Given data:
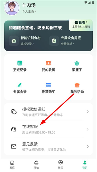 2、在个人页面下方,找到并点击在线客服选项。
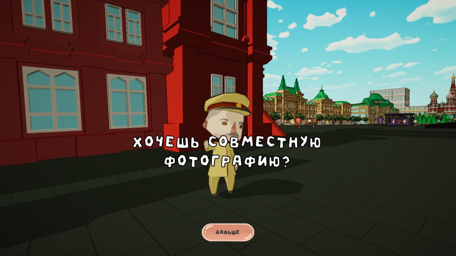 Графика в целом приятная. Хотелось бы, чтобы непросто ходить фотографировать по списку, а ещё и давалось информация по объектам в образовательных целях. Можно реализовать в виде экскурсоводов, заодно были бы подсказками, так как дети вред ли знают как выглядят данные достопримечательности, да и не каждый взрослый тоже. Идея с мини играми вносит разнообразие в игровой процесс, но есть замечания по ним, например, а ребёнок точно может знать фамилию Сталина? На барабанах по идею должна получается музыкальная композиция, а на деле просто битью, ни чем не отличимое от не попадания в ритм. Звуковое сопровождение вообще слабое место в игре, унылая мелодия и звуки просто взятые и библиотеки. Левел-дизайн в целом неплох, но невидимые стены желательно чем-то огородить - толпой, палатками, ограждениями. Есть проблема застревания в лестницах, не ещё один недостаток, когда достаёшь телефон, желательно чтобы камера фиксировала, а стрелка оказывала только в радиусе телефона. Идея хорошая, особенно если сделать акцент на образовательную часть, но нужно серьезно дорабатывать.
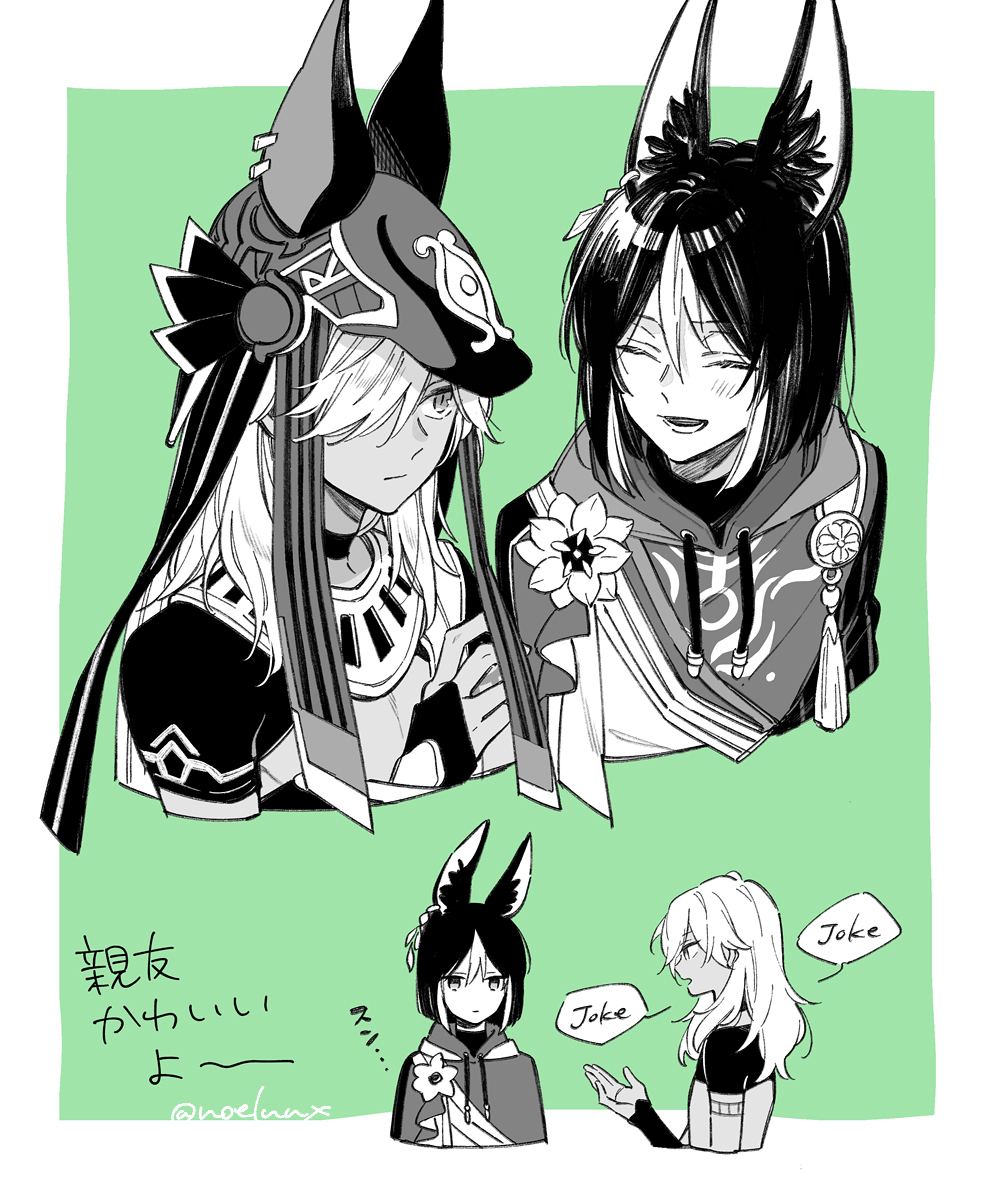 2boys :d ^_^ ancient_egyptian_clothes animal_ear_fluff animal_ears animal_hat artist_name blunt_ends bob_cut border choker closed_eyes closed_mouth commentary commentary_request crop_top cyno_(genshin_impact) dark-skinned_male dark_skin drawstring earrings english_commentary expressionless fingerless_gloves flower fox_ears genshin_impact gloves green_background greyscale_with_colored_background hair_between_eyes hair_over_one_eye hand_up hat hat_ribbon highres hood hood_down hoodie jackal_ears jewelry jitome long_hair looking_at_another lower_teeth_only male_focus multicolored_hair multiple_boys multiple_views noelnnx one_eye_covered open_mouth outside_border parted_bangs ribbon shirt short_hair short_sleeves single_earring smile speech_bubble streaked_hair swept_bangs tassel teeth tighnari_(genshin_impact) translation_request twitter_username unamused upper_body usekh_collar white_border
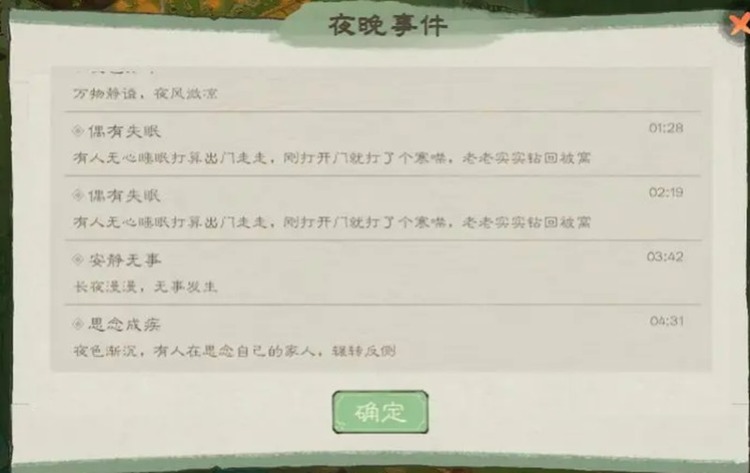 夜晚时间在桃源记2中也随季节变化而调整。夏季天黑较晚,约19:00才进入夜间,其他季节则天黑较早。夜晚村民停止劳作,但玩家可借此机会举办家宴,提升村民饱食度、寿命及体质经验。若有访客在村中,家宴还能增加其好感度,未来可能带来稀有礼物。追求效率的玩家也可选择跳过夜晚,直接进入下一个工作日。
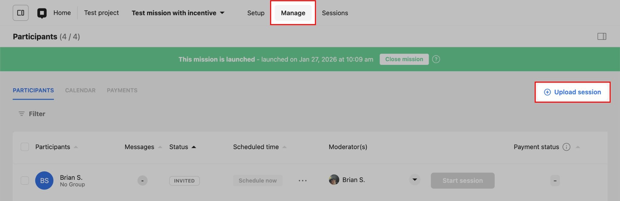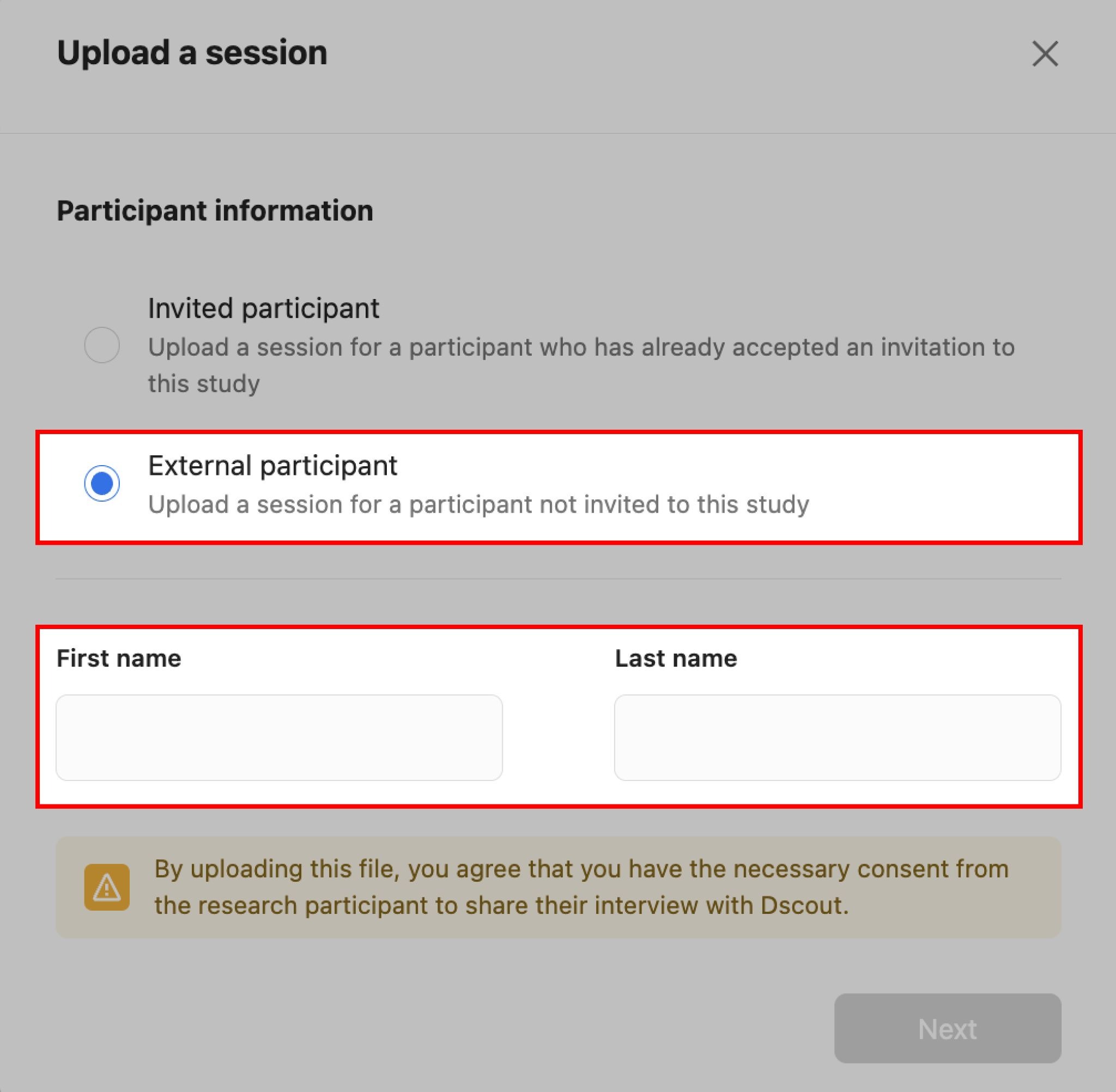 If you’ve conducted an interview with a participant not invited to your study directly, you can upload their session for easy analysis alongside your other sessions.
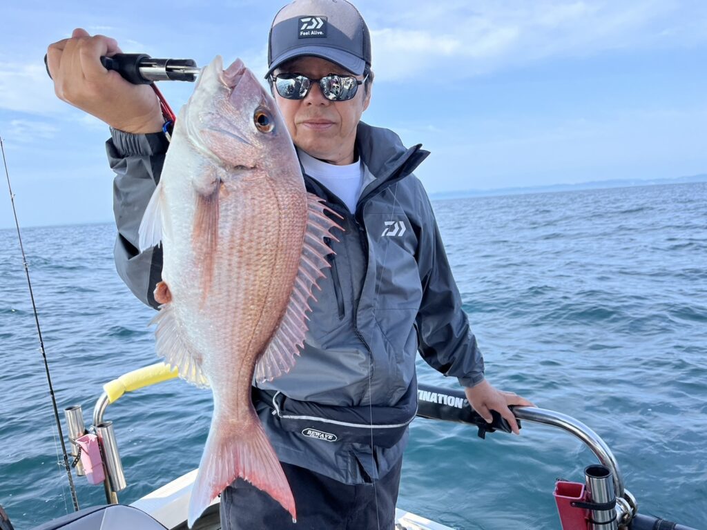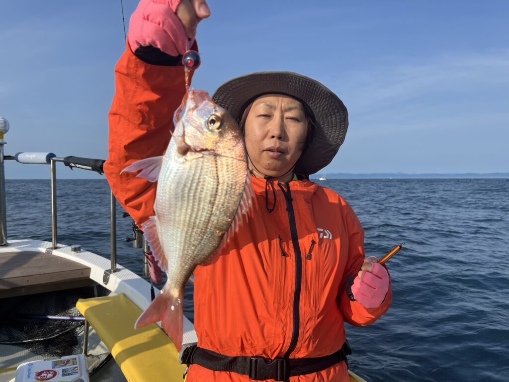 その後ポイントを変えてサバの少ないエリアに移動するも真鯛の数はそれ程増やせず、6枚で終了‥‥。
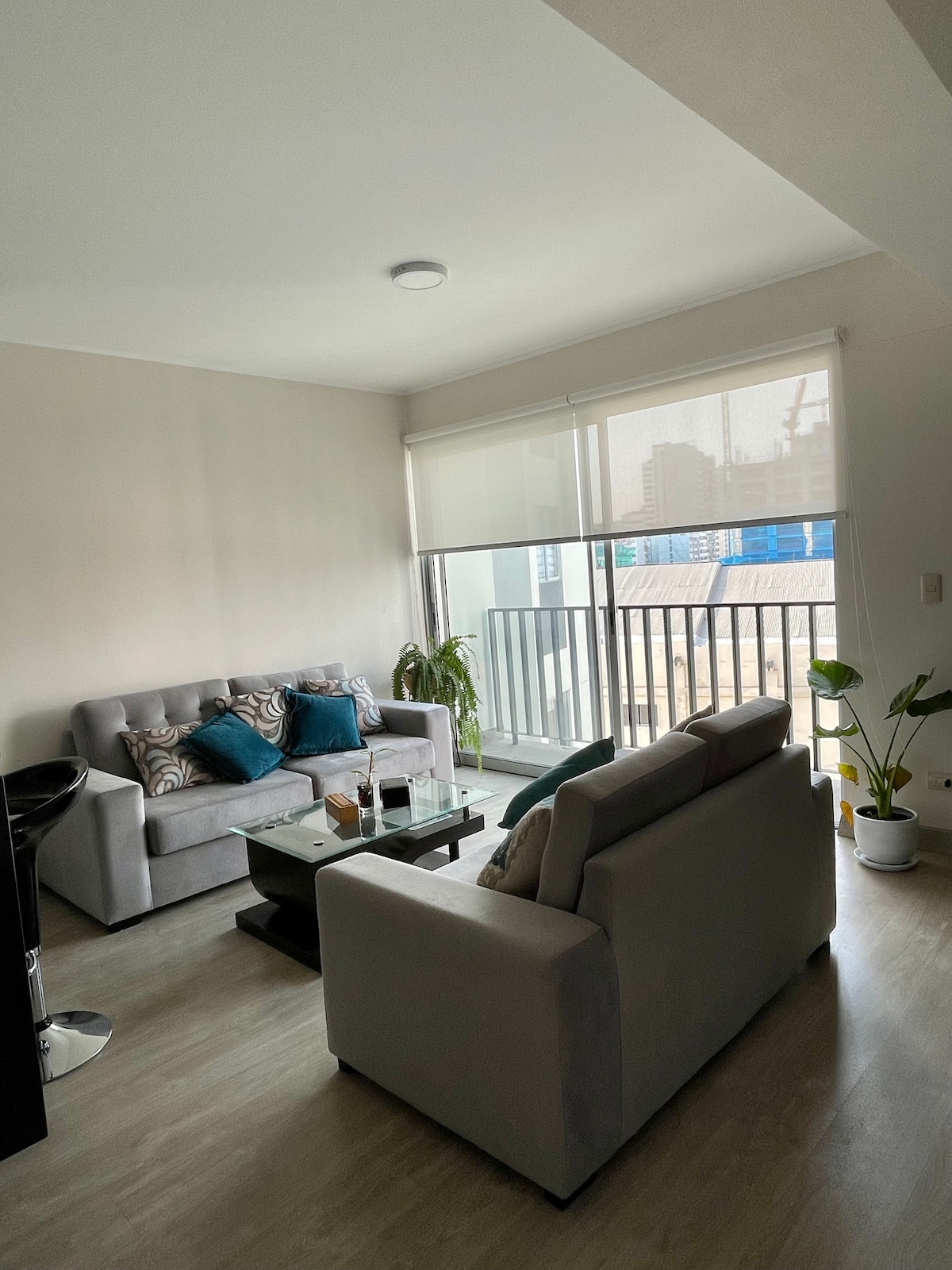 Es un apartamento cómodo, ubicado en el centro de miraflores a 1 cuadra del malecón, muy cerca a restaurantes, centros comerciales (larcomar), lugares turísticos, playas, entre otros. De 90 m2 de amplitud con 1 cama, 1 baño completo y 1 medio baño, 1 cocina, sala y comedor. El apartamento está en un sexto piso con ascensor. Un lugar muy acogedor y en uno de los distritos más importantes de Lima.
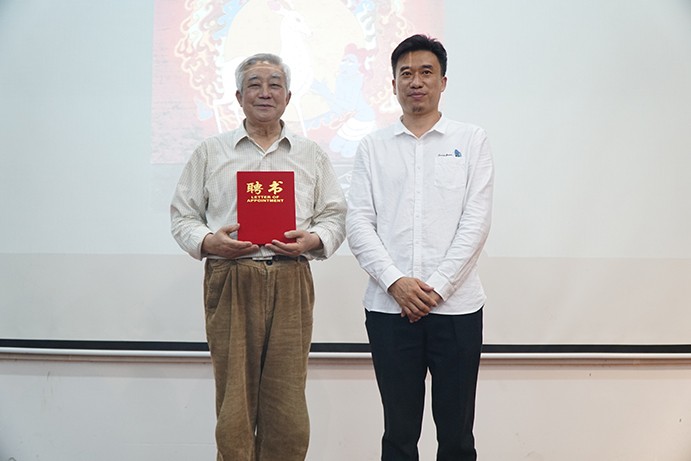 讲座开始,冯健男教授感谢我校领导邀请他来演讲并且深感荣幸,对我校的校园文化建设十分赞赏,对我校未来发展形势十分看好。感慨我们新中国发展的快速,同学们现在可以在宽敞而明亮的教室里听课,回忆自己当初大学时代的艰苦岁月。激励我们当代大学生作为将来的文艺工作者,不忘初心,砥砺前行。然后,陶院长向冯教授颁发赠书证书以及正式聘请教授为我院客座教授。
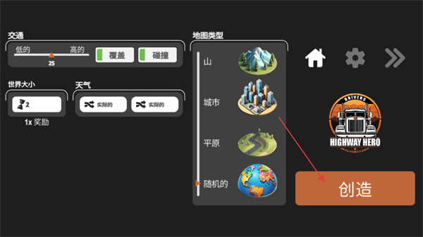 2、在該游戲的設(shè)置界面,可調(diào)整交通、地圖類(lèi)型等參數(shù),完成設(shè)置后點(diǎn)擊創(chuàng)造按鈕即可進(jìn)入對(duì)應(yīng)的游戲模式。
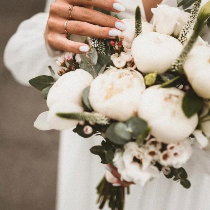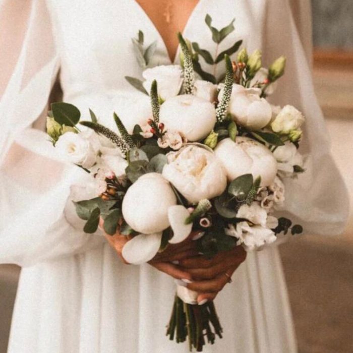 пионы – 9 шт.Ваксфлауэр белый – 2 шт.Вероника – 5 шт.Лента атласная – 5 шт.Лизиантус Алиса белый – 2 шт.Эвкалипт Baby Blue – 1 шт.
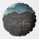 This 21st birthday party balloon features a watercolor image of an agate geode in shades of teal blue with faux gold glitter highlights. The words "21st Birthday" appear in faux gold glitter in a decorative modern handwriting font. Customize it with the name of the honoree and the date in gold colored text.
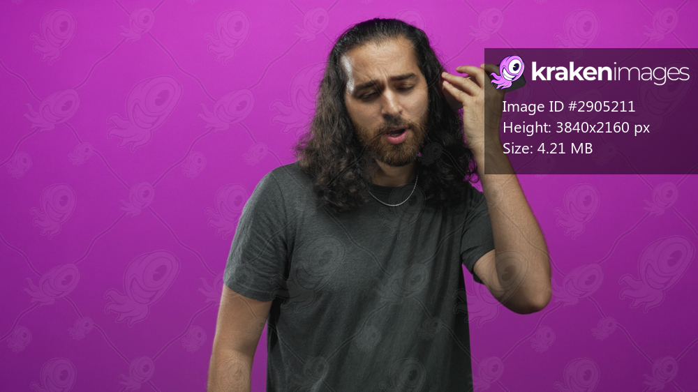 Man holding phone to ear in magenta studio backdrop, young bearded man with long dark hair wearing a gray t shirt and raised hand holding smartphone; frustration connectivity issue. - Kraken Images

Problem: Here the job is to output the lines from the top of the listing through the line holding "Графика в целом", word for word and without pictures.

Response to the exercise:
 2、在个人页面下方,找到并点击在线客服选项。
 Графика в целом приятная. Хотелось бы, чтобы непросто ходить фотографировать по списку, а ещё и давалось информация по объектам в образовательных целях. Можно реализовать в виде экскурсоводов, заодно были бы подсказками, так как дети вред ли знают как выглядят данные достопримечательности, да и не каждый взрослый тоже. Идея с мини играми вносит разнообразие в игровой процесс, но есть замечания по ним, например, а ребёнок точно может знать фамилию Сталина? На барабанах по идею должна получается музыкальная композиция, а на деле просто битью, ни чем не отличимое от не попадания в ритм. Звуковое сопровождение вообще слабое место в игре, унылая мелодия и звуки просто взятые и библиотеки. Левел-дизайн в целом неплох, но невидимые стены желательно чем-то огородить - толпой, палатками, ограждениями. Есть проблема застревания в лестницах, не ещё один недостаток, когда достаёшь телефон, желательно чтобы камера фиксировала, а стрелка оказывала только в радиусе телефона. Идея хорошая, особенно если сделать акцент на образовательную часть, но нужно серьезно дорабатывать.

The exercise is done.